Les intérêts d’emprunt ne peuvent pas être déduits du revenu imposable global. Ils doivent être reportés sur les revenus fonciers des années suivantes.

L’ordre d’imputation des charges et du déficit foncier fonctionne donc comme tel :

  • Imputation des charges déductibles sur les revenus fonciers ;
  • En cas d’excédent, imputation du déficit foncier sur le revenu imposable global dans la limite de 10 700 € (hors intérêts d’emprunt) ;
  • Une fois le plafond de 10 700 € atteint, report du déficit foncier (en incluant les intérêts d’emprunt) sur les revenus fonciers des dix années suivantes, en commençant par les années les plus anciennes.
Si vos investissements locatifs génèrent des déficits fonciers exploitables, vous pouvez investir en SCPI, en pleine propriété ou en acquérant l’usufruit des parts. De cette façon, vous pouvez encaisser des revenus fonciers défiscalisés.
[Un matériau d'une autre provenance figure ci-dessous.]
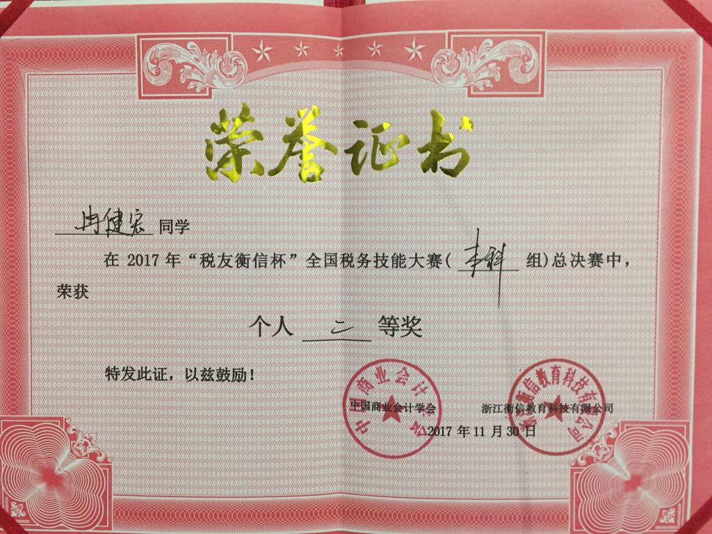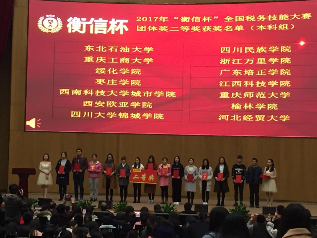 2017年11月28日下午,财金学院学生李东东、李大为、冉健宏代表我校前往杭州参加2017年“衡信杯”全国税务技能大赛总决赛。

Les revenus fonciers doivent être renseignés dans votre déclaration de revenus annuelle. Les formalités de la déclaration des revenus varient selon le régime fiscal et la provenance des loyers :

  • Régime micro-foncier : remplir le revenu foncier global brut dans le formulaire 2042 classique (case 4BE) ;
  • Régime réel d’imposition : remplir le formulaire 2044 de déclaration des revenus fonciers, en renseignant les revenus et les différentes charges à déduire ;
  • SCPI européenne :
    • Méthode du crédit d’impôt : remplir les cases 4BK (micro-foncier) ou 4BL (régime réel), puis remplir la case 8TK dans le formulaire 2042 ;
    • Méthode du taux effectif : remplir le formulaire 2047 et la case 8TI du formulaire 2042 C.